He sighed.
"You know I'm your friend," he said simply.
Her whole face changed. An almost disconcerting brightness flashed over it. Through all the heaviness and fatigue and despair that had yellowed her skin, dulled her eyes, and taken, it seemed, the very sheen from her black hair, her lost girlhood flared a moment. With the inconstant emotion of a child she smiled at him.
"I know you are," she murmured confidingly, "and I'll tell you something, because you are."
"What is it, Miss Mary?" he said, but he sighed as he said it.
"Do you see how I'm dressed?" she half whispered. He looked, uncomprehending, at the long light ulster she wore.
"Underneath, I'm in black," she said softly, "a whole suit. I have a little bag packed right under this rock, and I have ninety dollars in my bag, here." She tapped her waist, where a small shopping bag dangled. "And I have an umbrella. I always sit near this gate."
"Why do you do such things, dear Miss Mary?" he said sadly. "It does you no good—please try to believe me!"

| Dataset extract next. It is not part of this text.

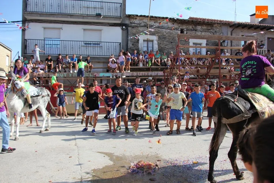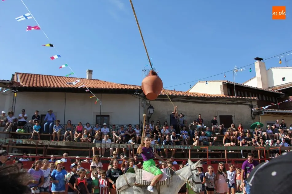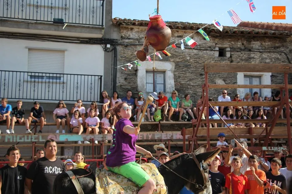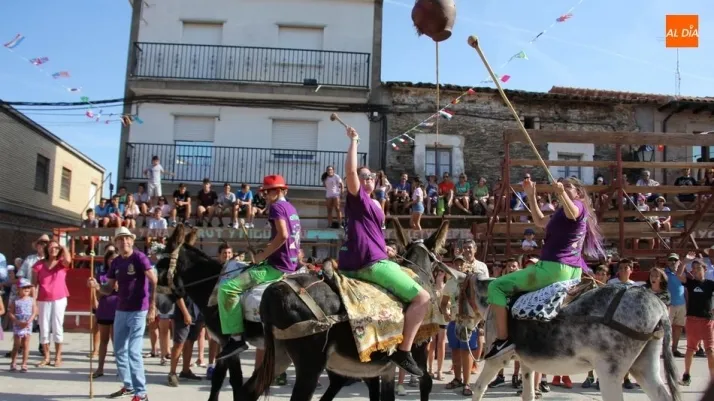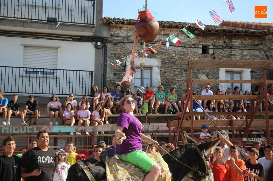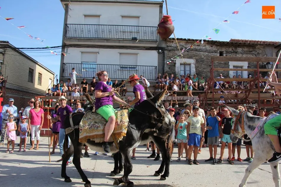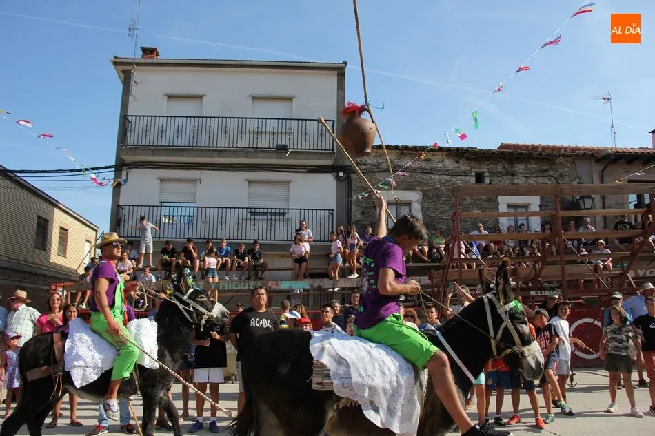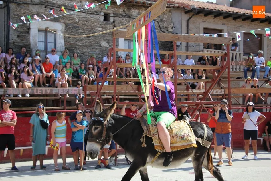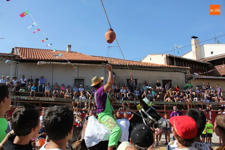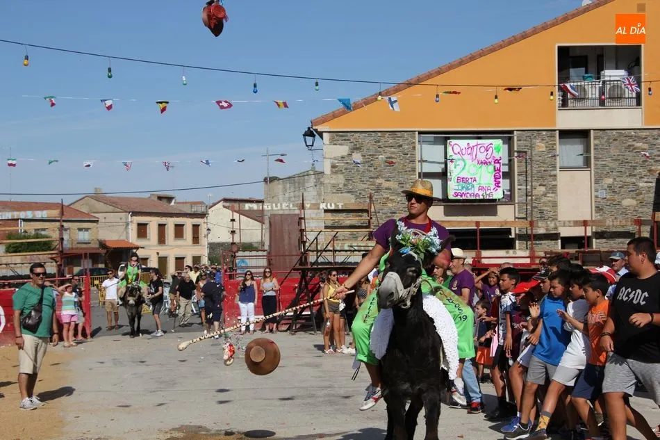Como manda la tradición, los jóvenes montaron a lomos de burros para intentar romper los cántaros, acto al que siguió el singular baile de la rosca de quintos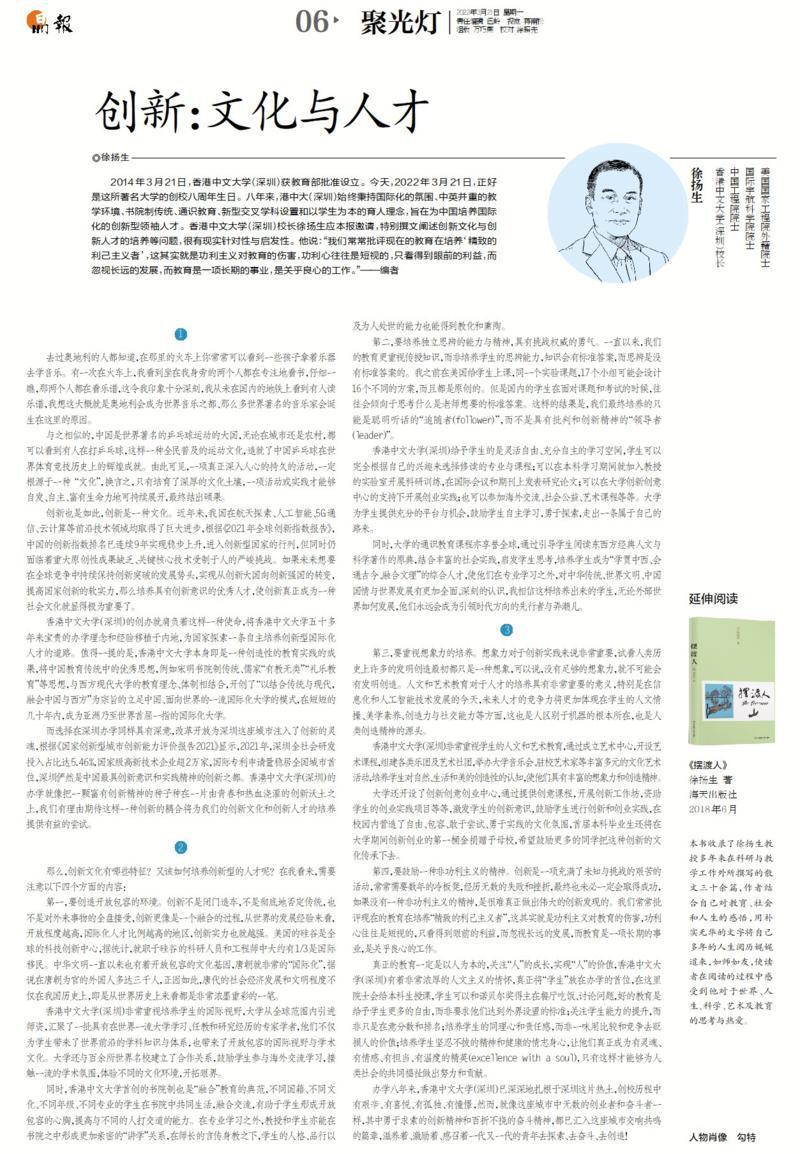 ? ? ? ? 香港中文大學(深圳)校長徐揚生晶報邀請,特別撰文闡述創新文化與創新人才的培養等問題,很有現實針對性與啟發性。他說:“我們常常批評現在的教育在培養‘精致的利己主義者’,這其實就是功利主義對教育的傷害,功利心往往是短視的,只看得到眼前的利益,而忽視長遠的發展,而教育是一項長期的事業,是關乎良心的工作。”

"I never did, until I had the dream," she answered calmly. "This is the third night I've had it. I dreamed I was near some gate, and I looked down, and right before me on the path I saw a key—a great, brown key! So I started to pick it up, and then I realised that I wasn't prepared, that I had no money, and that I'd just be caught and brought back. Then I woke. But I dreamed it over again the next night, so I packed the bag and got it out here under this steamer-rug, and asked for some money to buy presents when that embroidery woman came from Lakewood. And I got it, of course, and bought some. She said she was coming again. So I got more. Last night I dreamed it again, and it looked like this gate, in the dream. That's three times. Suzanne has those dreams, you know—she's like me, Suzanne—and they always happen. So perhaps mine will. I tell you, because you're my friend. And you would never have put me here."
Stanchon bit his lip. A sudden disgust of everything seized him.